*Exercise goal:* In the entries below, begin at the line that has "실버 밧줄 체인 목걸이", stop after the line that has "Comme les années", and output those lines exactly with no pictures.

*Data for processing:*
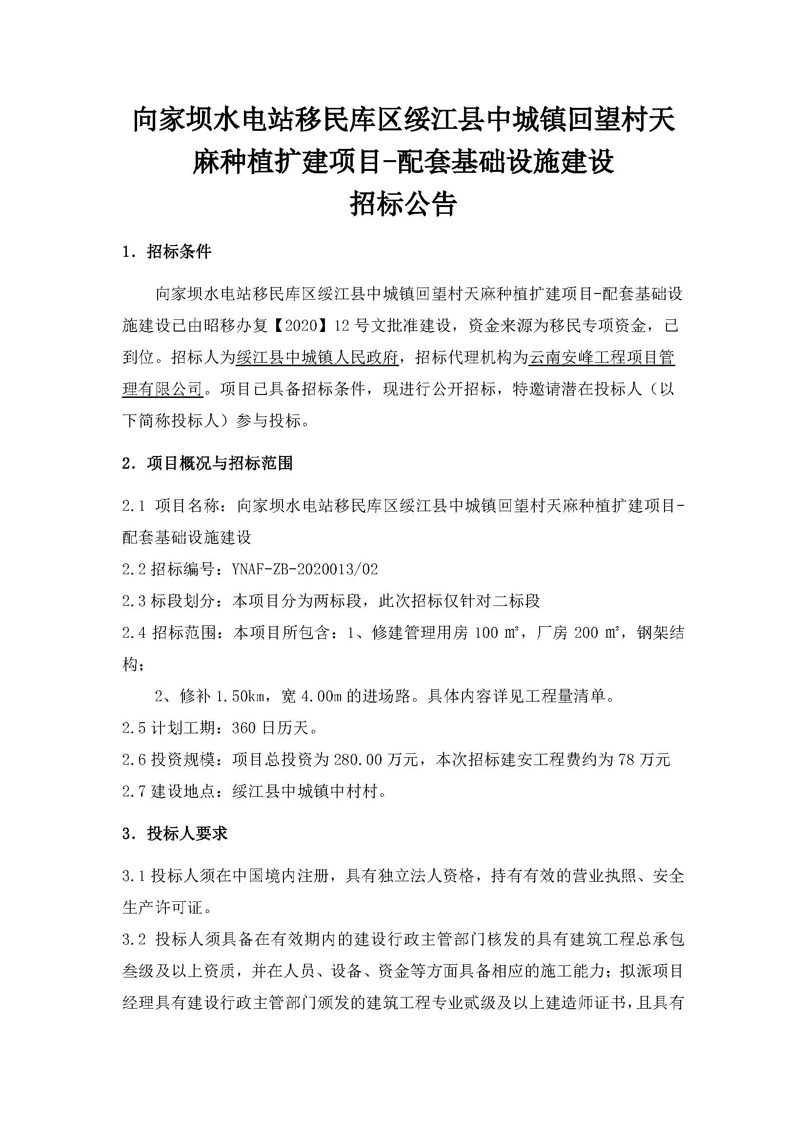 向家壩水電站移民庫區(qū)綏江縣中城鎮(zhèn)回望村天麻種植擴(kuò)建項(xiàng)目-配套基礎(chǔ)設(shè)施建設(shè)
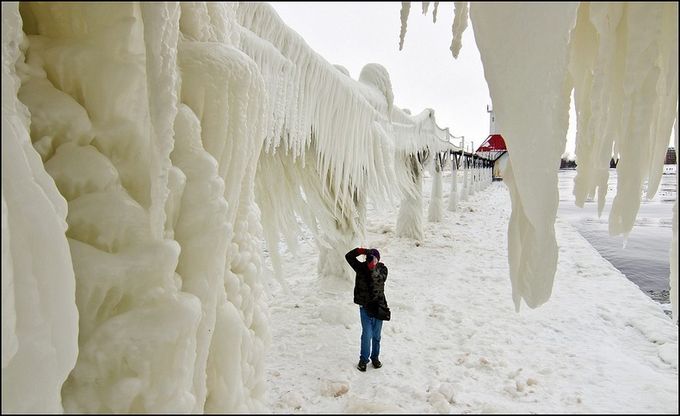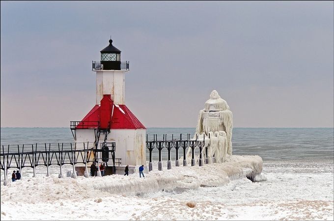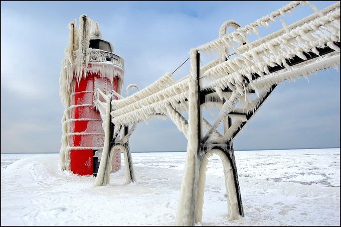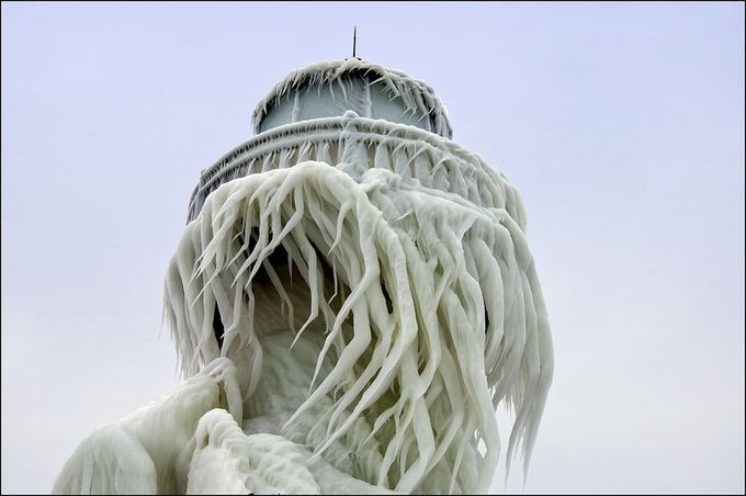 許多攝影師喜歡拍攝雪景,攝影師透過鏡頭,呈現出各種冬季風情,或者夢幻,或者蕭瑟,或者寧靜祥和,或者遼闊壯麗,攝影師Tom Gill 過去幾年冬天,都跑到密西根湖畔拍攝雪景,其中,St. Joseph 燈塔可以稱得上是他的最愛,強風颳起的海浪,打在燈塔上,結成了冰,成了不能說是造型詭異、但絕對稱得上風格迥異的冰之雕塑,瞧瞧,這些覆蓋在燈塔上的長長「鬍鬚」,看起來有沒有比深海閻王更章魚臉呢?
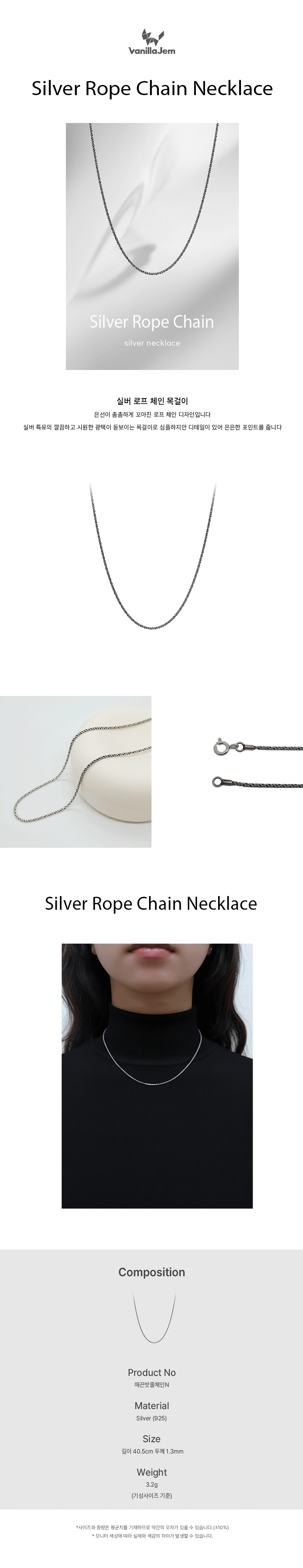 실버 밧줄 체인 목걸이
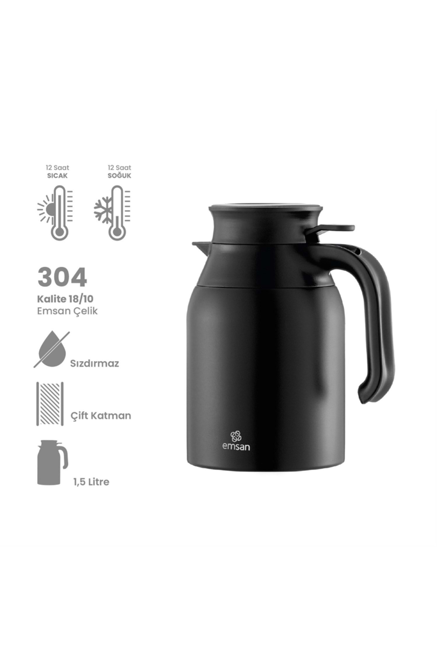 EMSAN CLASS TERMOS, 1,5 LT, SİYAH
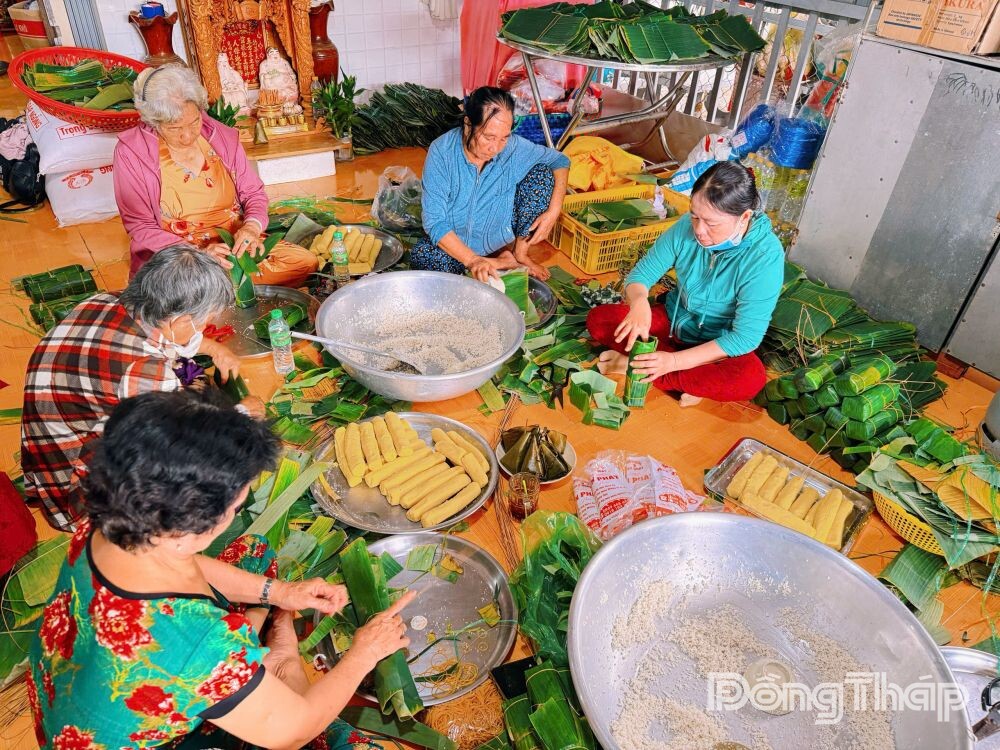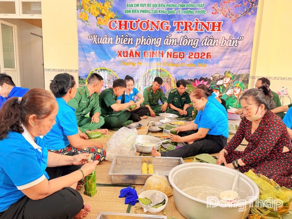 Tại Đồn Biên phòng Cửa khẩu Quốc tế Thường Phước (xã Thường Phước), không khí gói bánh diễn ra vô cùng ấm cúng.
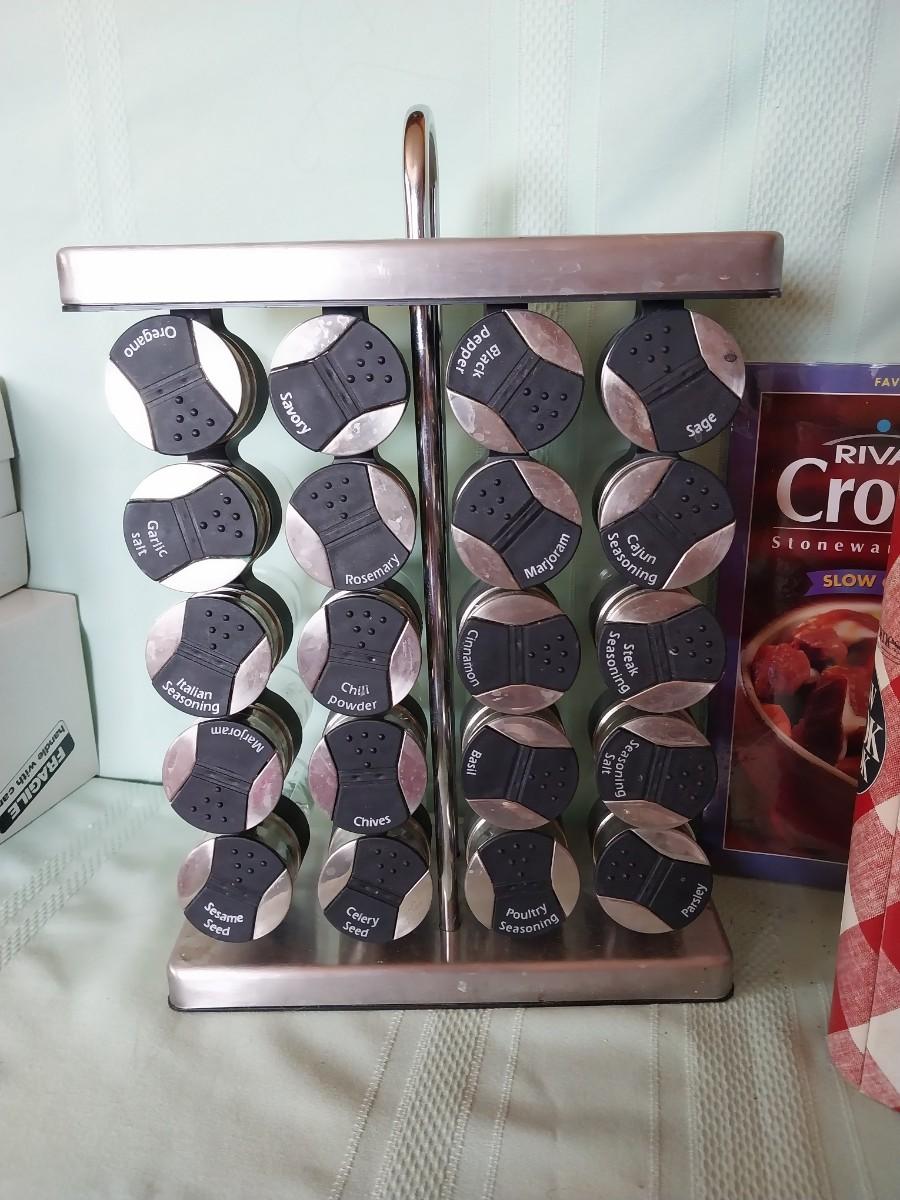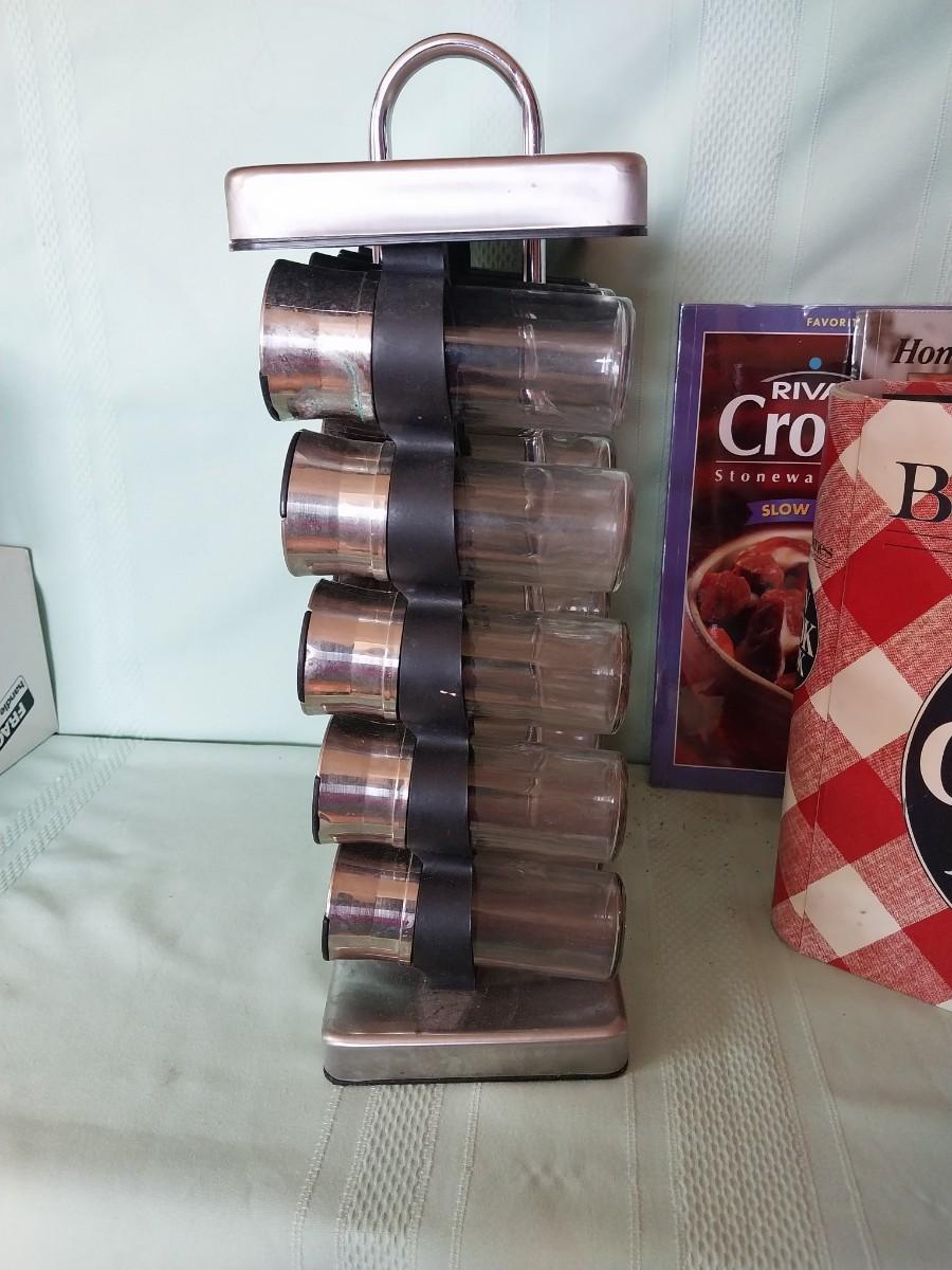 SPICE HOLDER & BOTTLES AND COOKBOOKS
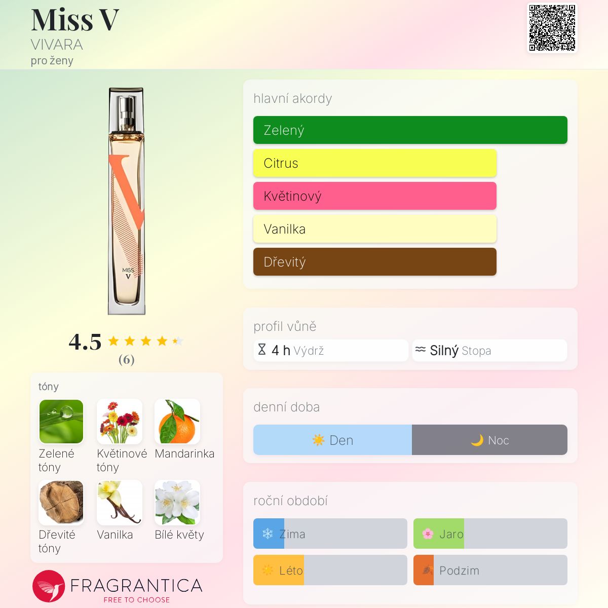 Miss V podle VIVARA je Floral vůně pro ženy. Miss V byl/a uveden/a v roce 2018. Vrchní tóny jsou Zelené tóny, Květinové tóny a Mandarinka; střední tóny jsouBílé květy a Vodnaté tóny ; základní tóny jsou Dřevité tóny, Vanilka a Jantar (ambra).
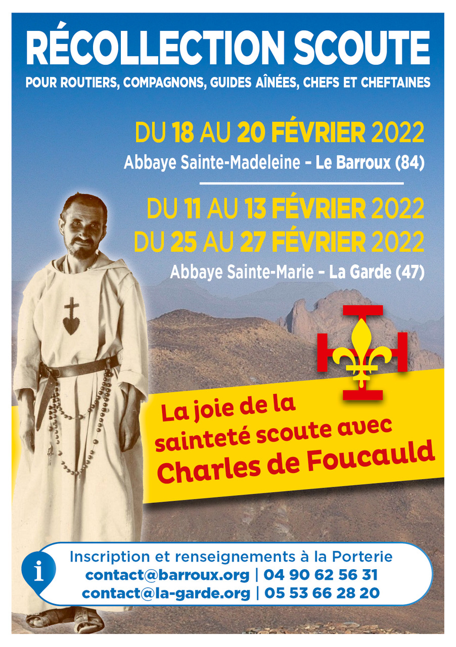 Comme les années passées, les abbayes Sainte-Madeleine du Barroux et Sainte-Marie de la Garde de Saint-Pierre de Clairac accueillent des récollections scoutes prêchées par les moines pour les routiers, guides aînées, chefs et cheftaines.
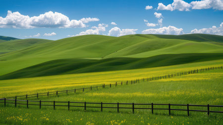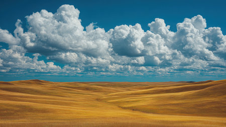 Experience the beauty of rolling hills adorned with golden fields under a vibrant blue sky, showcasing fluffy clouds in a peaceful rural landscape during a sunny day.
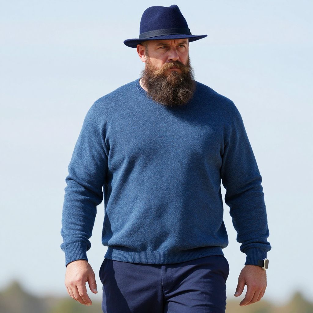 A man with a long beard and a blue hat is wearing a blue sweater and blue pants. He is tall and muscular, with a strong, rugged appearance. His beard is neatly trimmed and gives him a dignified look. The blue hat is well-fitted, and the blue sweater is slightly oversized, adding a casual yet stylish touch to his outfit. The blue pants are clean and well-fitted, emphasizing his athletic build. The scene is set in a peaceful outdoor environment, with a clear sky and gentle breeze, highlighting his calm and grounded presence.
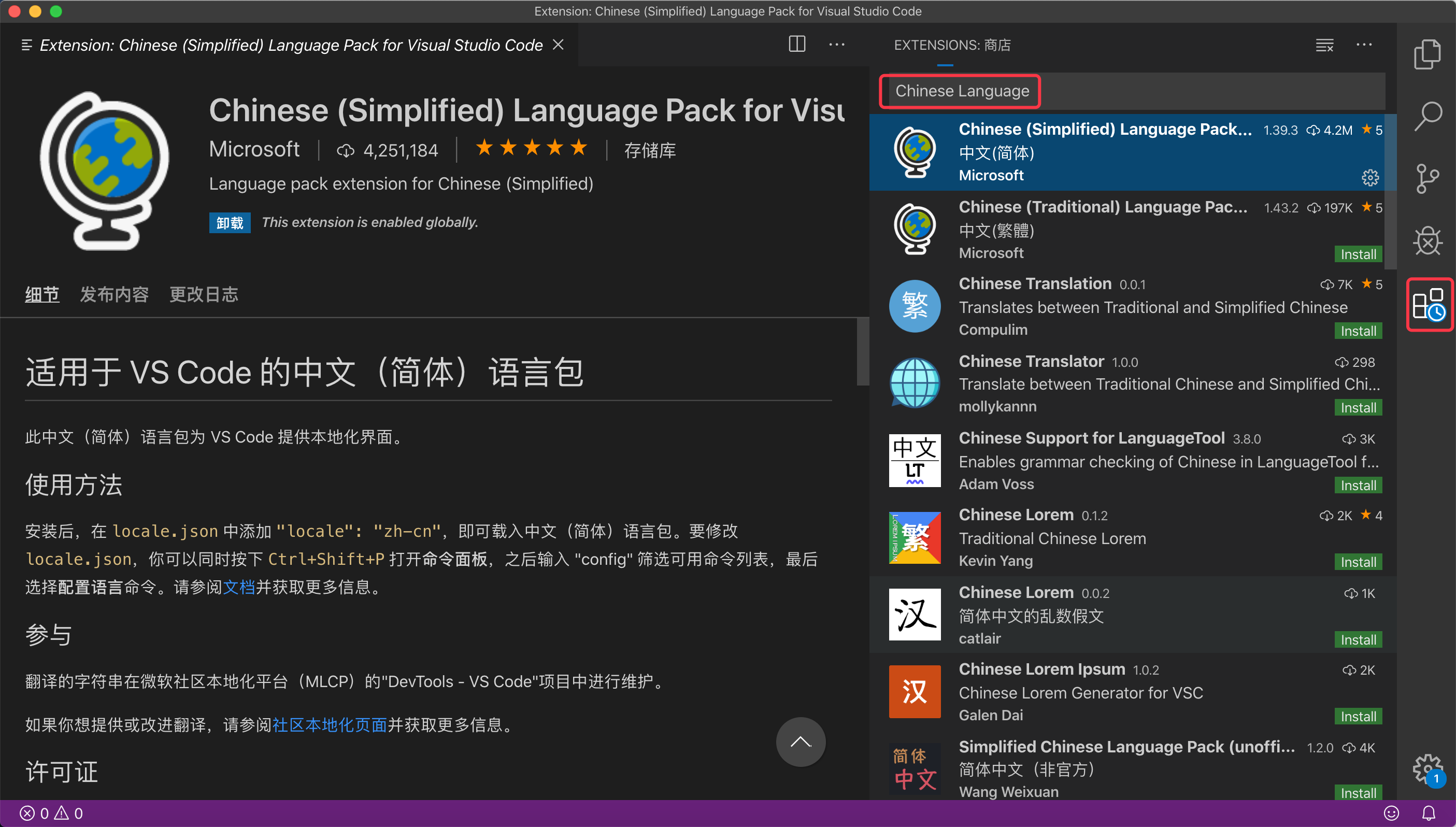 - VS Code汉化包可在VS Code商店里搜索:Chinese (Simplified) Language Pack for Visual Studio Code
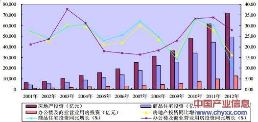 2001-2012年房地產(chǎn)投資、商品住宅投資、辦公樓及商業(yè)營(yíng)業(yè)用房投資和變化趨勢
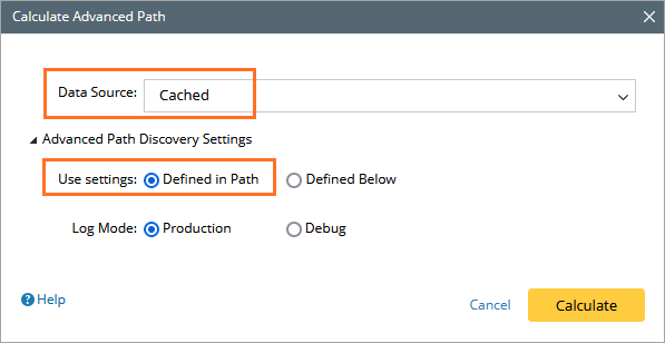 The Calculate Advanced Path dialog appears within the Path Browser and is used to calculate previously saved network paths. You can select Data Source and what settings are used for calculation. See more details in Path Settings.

*Written solution:*
 실버 밧줄 체인 목걸이
 EMSAN CLASS TERMOS, 1,5 LT, SİYAH
 Tại Đồn Biên phòng Cửa khẩu Quốc tế Thường Phước (xã Thường Phước), không khí gói bánh diễn ra vô cùng ấm cúng.
 SPICE HOLDER & BOTTLES AND COOKBOOKS
 Miss V podle VIVARA je Floral vůně pro ženy. Miss V byl/a uveden/a v roce 2018. Vrchní tóny jsou Zelené tóny, Květinové tóny a Mandarinka; střední tóny jsouBílé květy a Vodnaté tóny ; základní tóny jsou Dřevité tóny, Vanilka a Jantar (ambra).
 Comme les années passées, les abbayes Sainte-Madeleine du Barroux et Sainte-Marie de la Garde de Saint-Pierre de Clairac accueillent des récollections scoutes prêchées par les moines pour les routiers, guides aînées, chefs et cheftaines.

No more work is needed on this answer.